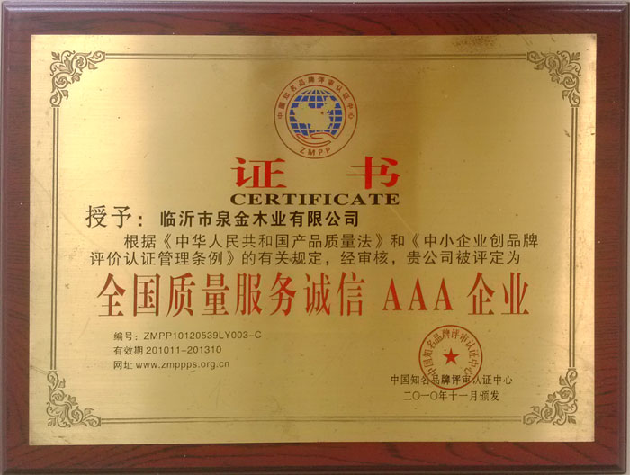 >> 全国质量服务诚信AAA企业
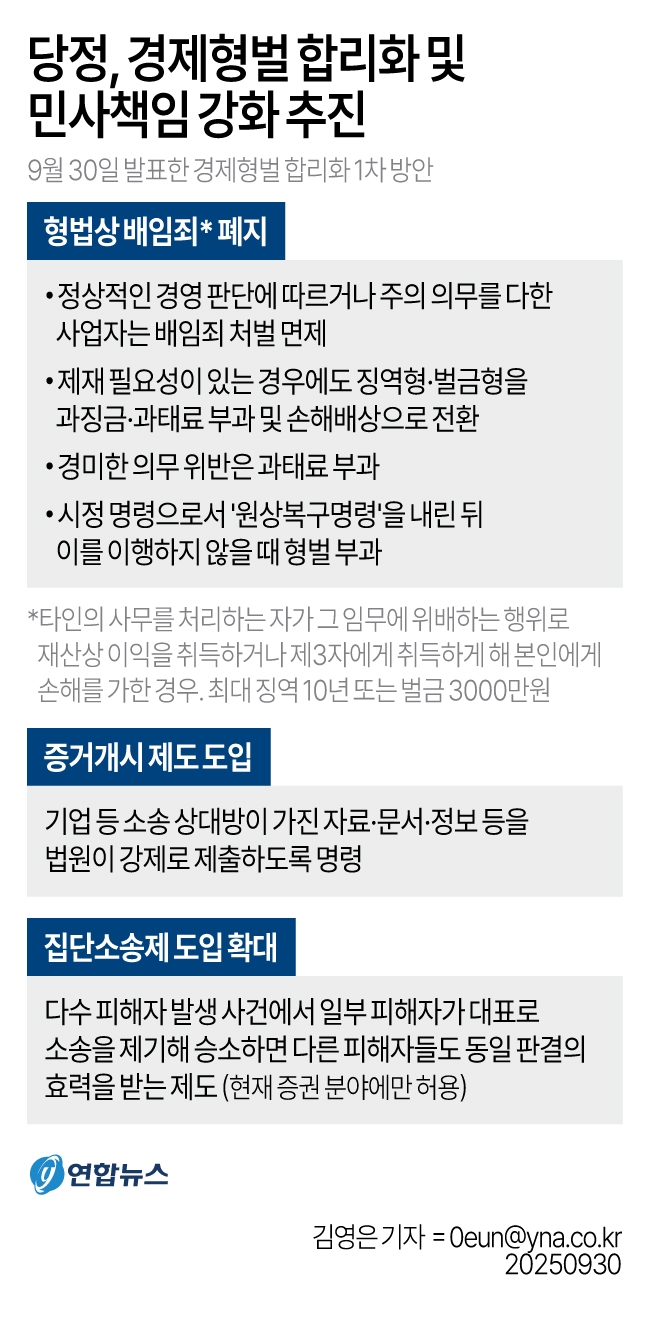 더불어민주당과 정부는 지난 9월30일 배임죄가 과도한 경제 형벌로 작용해 기업의 정상적인 경영 판단을 어렵게 만든다고 보고 형법상 배임죄를 폐지하는 방향으로 가닥을 잡았다고 밝혔다.사진=연합뉴스
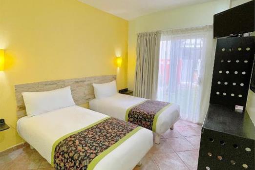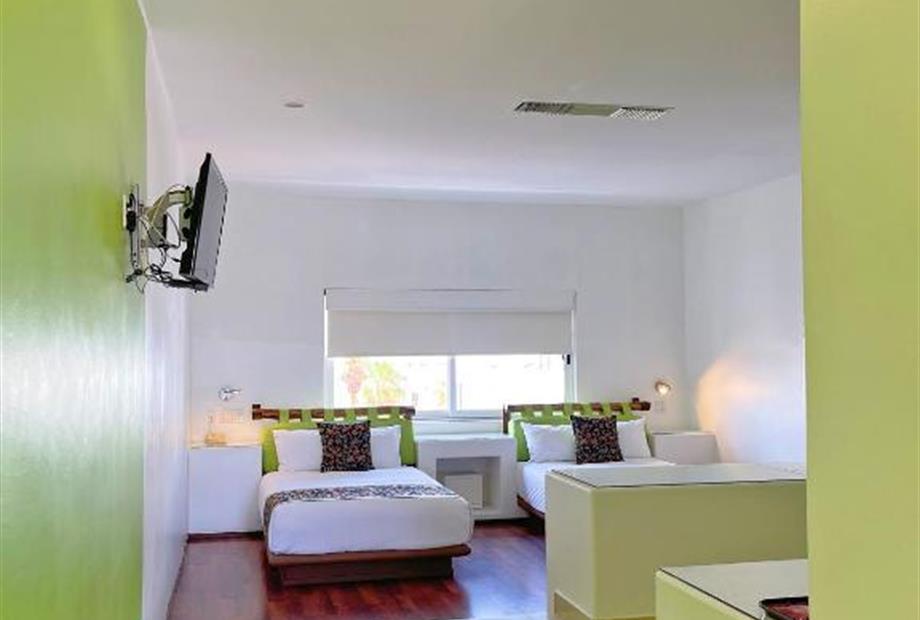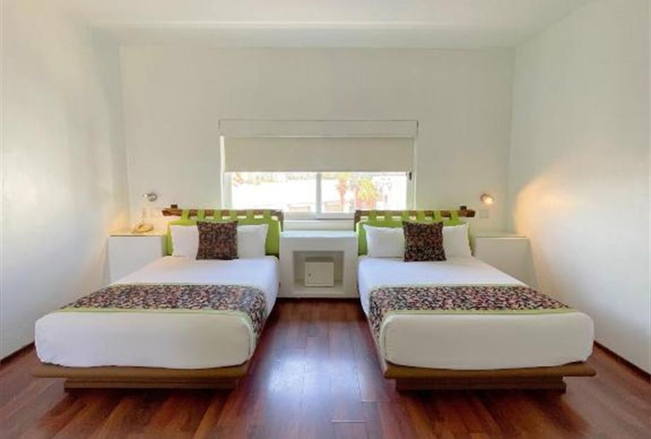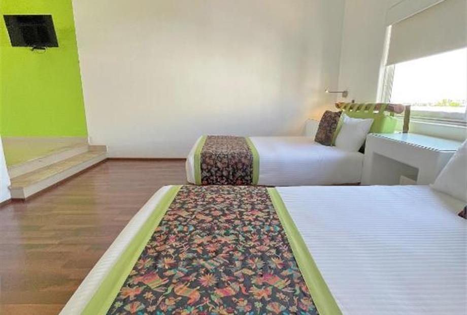 Habitación con dos camas matrimoniales, sala, baño privado, TV por cable, WiFi, aire acondicionado, secador de cabello, frigobar, cafetera.
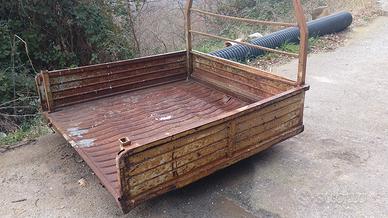 vendo cassone ape ad1/ae02/AE3/ ae01 ape 350/400/450 con pianale corto anni 60/70 e anche per p401 anni 80. il cassone presenta ruggine passante in alcuni punti ma come dalla foto del retro non ha buchi di ruggine sul pianale a parte ammaccature. il cassone ha un telaio per renderlo ribaltabile che si può smontare tramite un flessibile poiché è saldato.manca la sponda il prezzo è di 150€ non effettuo spedizioni ritiro a mano prezzo trattabile se interessati contattattarmi al numero 3387677127 o scrivermi un messaggio su subito
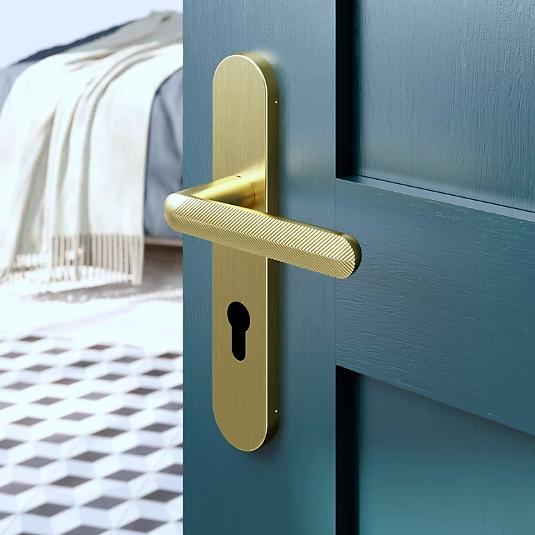 Ensemble poignée sur plaque rondcylindre GoodHome Garlan effet laiton satin doré L.125mm x l.42mm entraxe 165-195mm
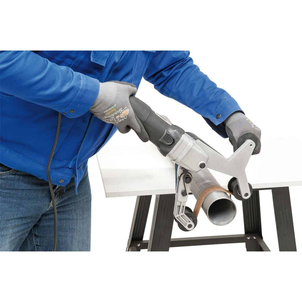 La Smerigliatrice di tubi Bernardo TBS 760 è uno strumento compatto e versatile, ideale per la smerigliatura, la satinatura e la lucidatura di tubi e corrimano, anche già montati a parete. Grazie al braccio flessibile, il nastro abrasivo avvolge il tubo fino a 270°, permettendo una lavorazione uniforme e continua a 360°. L’impugnatura regolabile a 180° riduce gli ingombri e facilita l’uso in spazi ristretti. Il potente motore da 800 W, con avviamento morbido e protezione da sovraccarico, assicura prestazioni affidabili e costanti. L’elettronica integrata mantiene stabile la velocità del nastro (2,4 – 9,1 m/sec), anche sotto sforzo, garantendo superfici perfette senza scolorimenti, in particolare su acciaio inox. Leggera e maneggevole (3,9 kg), con cambio nastro rapido e senza utensili, la TBS 760 è la soluzione ideale per professionisti che richiedono precisione e praticità nelle lavorazioni su tubi.
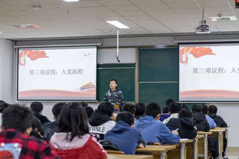 大会还邀请优秀团支部书记代表魏子韬、优秀班长代表赵咏琪等进行了班团一体化建设经验分享。魏子韬结合PPT带领同学们回顾了党的伟大奋斗历程,强调了艰苦奋斗的重要意义,鼓励同学们坚定不移跟党走,争当优秀共青团员,争做担当民族复兴大任的时代新人。赵咏琪分享了班级日常管理与团支部建设协同推进的心得感悟,强调了班团一体化建设的重要性。大会还就学生班级党建、团建等相关工作进行了培训交流。
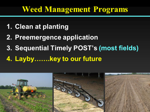 Weed Management Programs<BR>Clean at planting <BR>Preemergence application  <BR>Sequential Timely POST’s (most fields) <BR>Layby…….key to our future<BR>
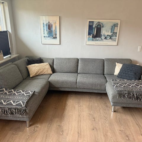 Flot grå farve med stålben, som kan skiftes. Som sådan ingen brugstegn bortset fra nogle huller vores juletræskæde lavede. Jeg har blot lagt et tæppe over :)
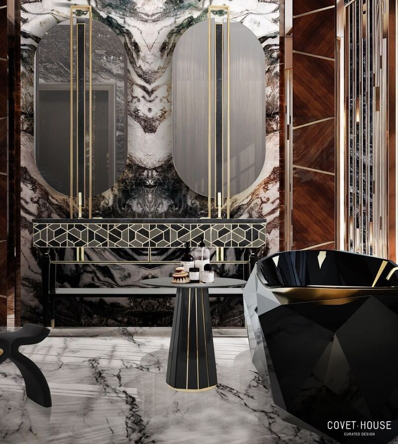 How can a bathroom be a perfect example of luxurious glamour? Well, this bathroom proves that with the best moody lighting, golden details and intense designs that are unique, one can truly ascend the bathroom to perfection.
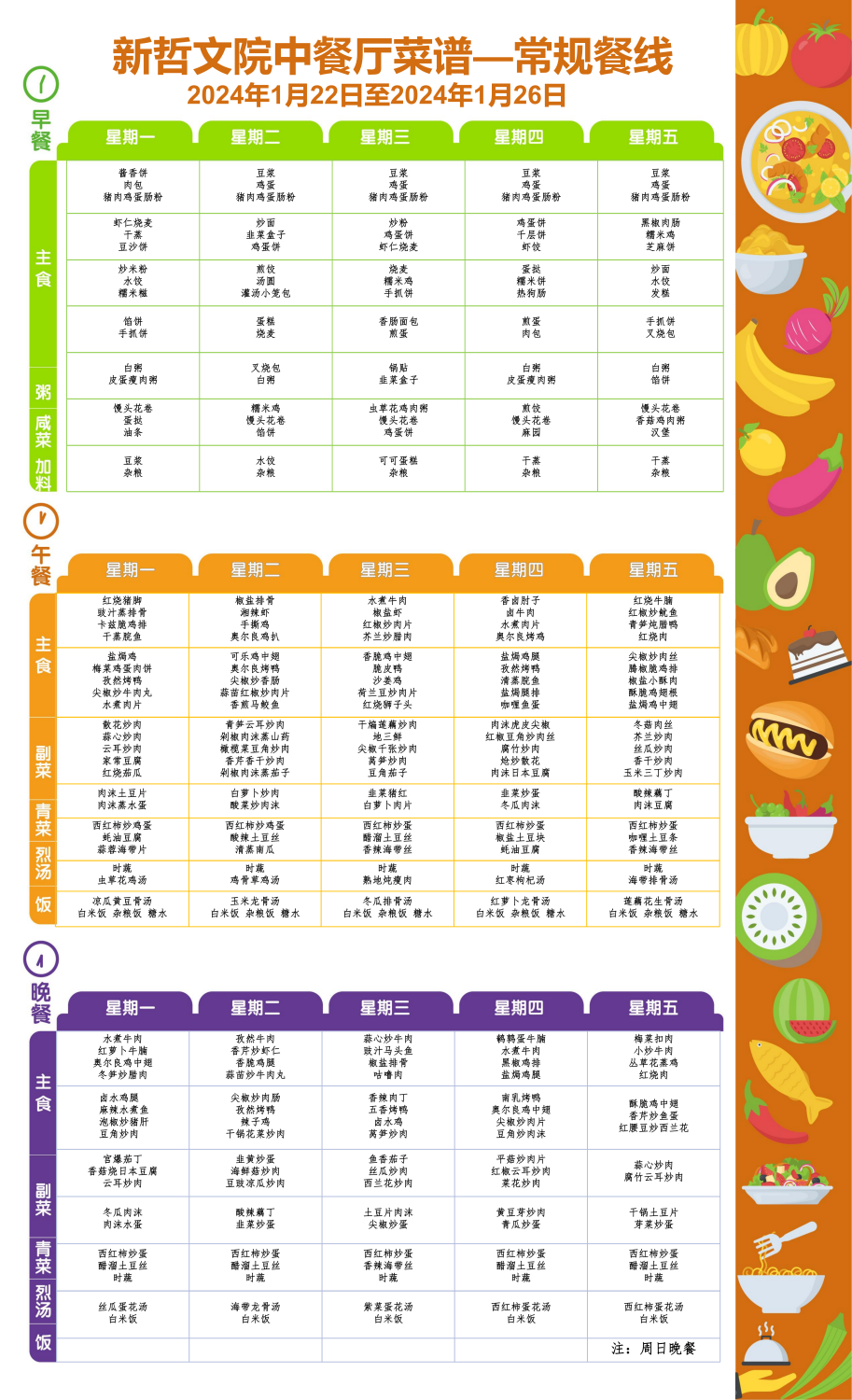 Weekly Menu | 新哲文院一周菜单(1.22-1.26)
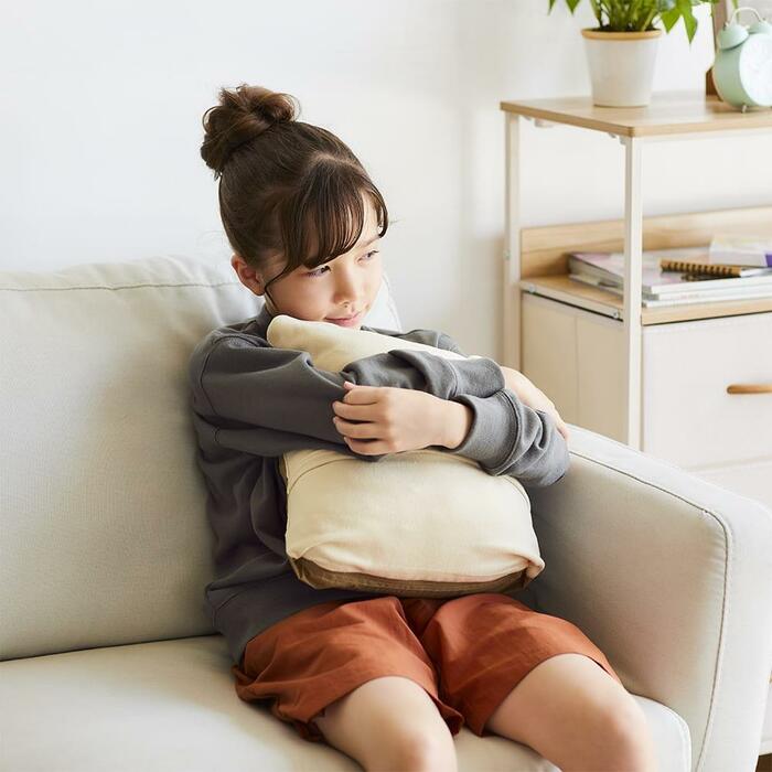 折り畳んで、ポケット部分に布地を収納すれば、クッションになります。クッションにすれば、冬以外の季節も使うことができそうです。1着で3通りの使い方ができるので便利です。
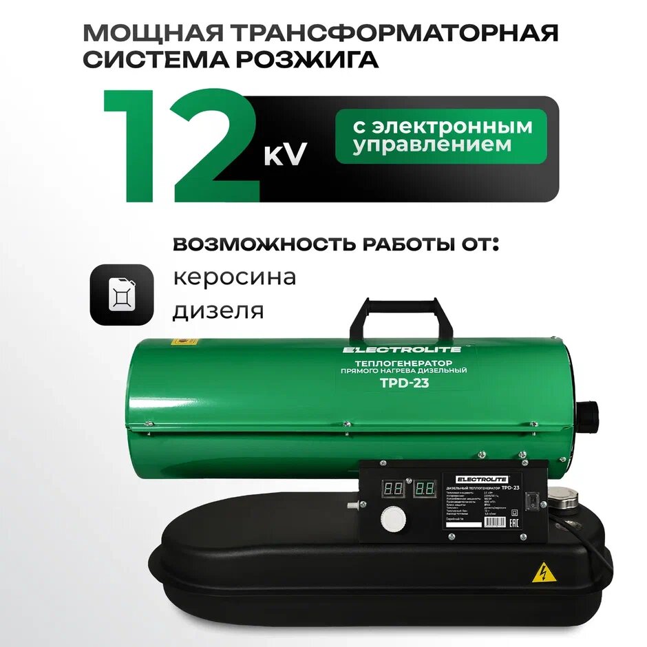 Дизельная пушка прямого нагрева Electrolite TPD-23 ( Дизель/Керосин, 23кВт, ): сравнение цен, характеристики, фото, актуальное наличие и цены.
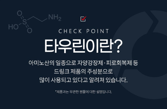 타우린은 항산화 작용과 에너지 대사 촉진에 도움을 주는 아미노산의 일종입니다. 심장 기능 개선과 운동 수행 능력 향상에 도움을 줄 수 있어, 운동을 즐기는 사람들에게 특히 유용합니다.
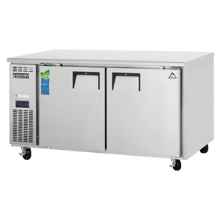 Everest Refrigeration, ETWR2, Undercounter/Worktop Refrigerator, two-section, 59-1/4"W, 18.0 cu. ft. capacity, self-contained side mounted refrigeration, 16 gauge stainless steel worktop, (2) solid hinged self-closing doors (locking), (4) epoxy coated wire shelves, height adjustable clips, digital controls with LED display, auto defrost, LED interior lighting, pressure relief port stainless steel interior, stainless steel front & sides, galvanized steel bottom & rear, (4) 5" swivel casters (2 locking), R290 Hydrocarbon refrigerant, 1/4 HP, 115v/60/1-ph, 3.5 amps, cord, NEMA 5-15P, NSF, cETLus, ETL-Sanitation
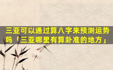 在三 🦟 亚算 🐅 八字预测运势
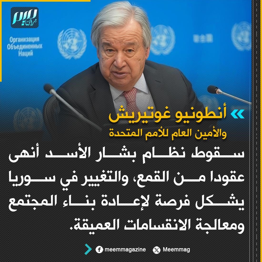 غوتيريش: سقوط نظام بشار الأسد أنهى عقودا من القمع، والتغيير في سوريا يشكل فرصة لإعادة بناء المجتمع ومعالجة الانقسامات العميقة.
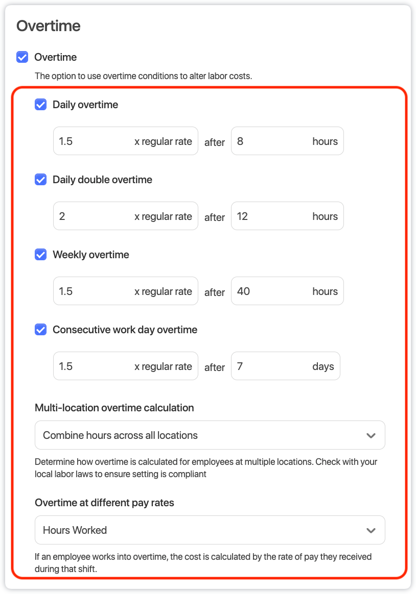 6. To set your desired Overtime rules (such as Daily, Weekly, or Consecutive Days), simply check the box next to the rule and configure the rate and hours.

**WHAT IS EXPECTED:**
Retype every entry word for word, but do not carry over the pictures.

**EXERCISE RESPONSE:**
 >> 全国质量服务诚信AAA企业
 더불어민주당과 정부는 지난 9월30일 배임죄가 과도한 경제 형벌로 작용해 기업의 정상적인 경영 판단을 어렵게 만든다고 보고 형법상 배임죄를 폐지하는 방향으로 가닥을 잡았다고 밝혔다.사진=연합뉴스
 Habitación con dos camas matrimoniales, sala, baño privado, TV por cable, WiFi, aire acondicionado, secador de cabello, frigobar, cafetera.
 vendo cassone ape ad1/ae02/AE3/ ae01 ape 350/400/450 con pianale corto anni 60/70 e anche per p401 anni 80. il cassone presenta ruggine passante in alcuni punti ma come dalla foto del retro non ha buchi di ruggine sul pianale a parte ammaccature. il cassone ha un telaio per renderlo ribaltabile che si può smontare tramite un flessibile poiché è saldato.manca la sponda il prezzo è di 150€ non effettuo spedizioni ritiro a mano prezzo trattabile se interessati contattattarmi al numero 3387677127 o scrivermi un messaggio su subito
 Ensemble poignée sur plaque rondcylindre GoodHome Garlan effet laiton satin doré L.125mm x l.42mm entraxe 165-195mm
 La Smerigliatrice di tubi Bernardo TBS 760 è uno strumento compatto e versatile, ideale per la smerigliatura, la satinatura e la lucidatura di tubi e corrimano, anche già montati a parete. Grazie al braccio flessibile, il nastro abrasivo avvolge il tubo fino a 270°, permettendo una lavorazione uniforme e continua a 360°. L’impugnatura regolabile a 180° riduce gli ingombri e facilita l’uso in spazi ristretti. Il potente motore da 800 W, con avviamento morbido e protezione da sovraccarico, assicura prestazioni affidabili e costanti. L’elettronica integrata mantiene stabile la velocità del nastro (2,4 – 9,1 m/sec), anche sotto sforzo, garantendo superfici perfette senza scolorimenti, in particolare su acciaio inox. Leggera e maneggevole (3,9 kg), con cambio nastro rapido e senza utensili, la TBS 760 è la soluzione ideale per professionisti che richiedono precisione e praticità nelle lavorazioni su tubi.
 大会还邀请优秀团支部书记代表魏子韬、优秀班长代表赵咏琪等进行了班团一体化建设经验分享。魏子韬结合PPT带领同学们回顾了党的伟大奋斗历程,强调了艰苦奋斗的重要意义,鼓励同学们坚定不移跟党走,争当优秀共青团员,争做担当民族复兴大任的时代新人。赵咏琪分享了班级日常管理与团支部建设协同推进的心得感悟,强调了班团一体化建设的重要性。大会还就学生班级党建、团建等相关工作进行了培训交流。
 Weed Management Programs<BR>Clean at planting <BR>Preemergence application  <BR>Sequential Timely POST’s (most fields) <BR>Layby…….key to our future<BR>
 Flot grå farve med stålben, som kan skiftes. Som sådan ingen brugstegn bortset fra nogle huller vores juletræskæde lavede. Jeg har blot lagt et tæppe over :)
 How can a bathroom be a perfect example of luxurious glamour? Well, this bathroom proves that with the best moody lighting, golden details and intense designs that are unique, one can truly ascend the bathroom to perfection.
 Weekly Menu | 新哲文院一周菜单(1.22-1.26)
 折り畳んで、ポケット部分に布地を収納すれば、クッションになります。クッションにすれば、冬以外の季節も使うことができそうです。1着で3通りの使い方ができるので便利です。
 Дизельная пушка прямого нагрева Electrolite TPD-23 ( Дизель/Керосин, 23кВт, ): сравнение цен, характеристики, фото, актуальное наличие и цены.
 타우린은 항산화 작용과 에너지 대사 촉진에 도움을 주는 아미노산의 일종입니다. 심장 기능 개선과 운동 수행 능력 향상에 도움을 줄 수 있어, 운동을 즐기는 사람들에게 특히 유용합니다.
 Everest Refrigeration, ETWR2, Undercounter/Worktop Refrigerator, two-section, 59-1/4"W, 18.0 cu. ft. capacity, self-contained side mounted refrigeration, 16 gauge stainless steel worktop, (2) solid hinged self-closing doors (locking), (4) epoxy coated wire shelves, height adjustable clips, digital controls with LED display, auto defrost, LED interior lighting, pressure relief port stainless steel interior, stainless steel front & sides, galvanized steel bottom & rear, (4) 5" swivel casters (2 locking), R290 Hydrocarbon refrigerant, 1/4 HP, 115v/60/1-ph, 3.5 amps, cord, NEMA 5-15P, NSF, cETLus, ETL-Sanitation
 在三 🦟 亚算 🐅 八字预测运势
 غوتيريش: سقوط نظام بشار الأسد أنهى عقودا من القمع، والتغيير في سوريا يشكل فرصة لإعادة بناء المجتمع ومعالجة الانقسامات العميقة.
 6. To set your desired Overtime rules (such as Daily, Weekly, or Consecutive Days), simply check the box next to the rule and configure the rate and hours.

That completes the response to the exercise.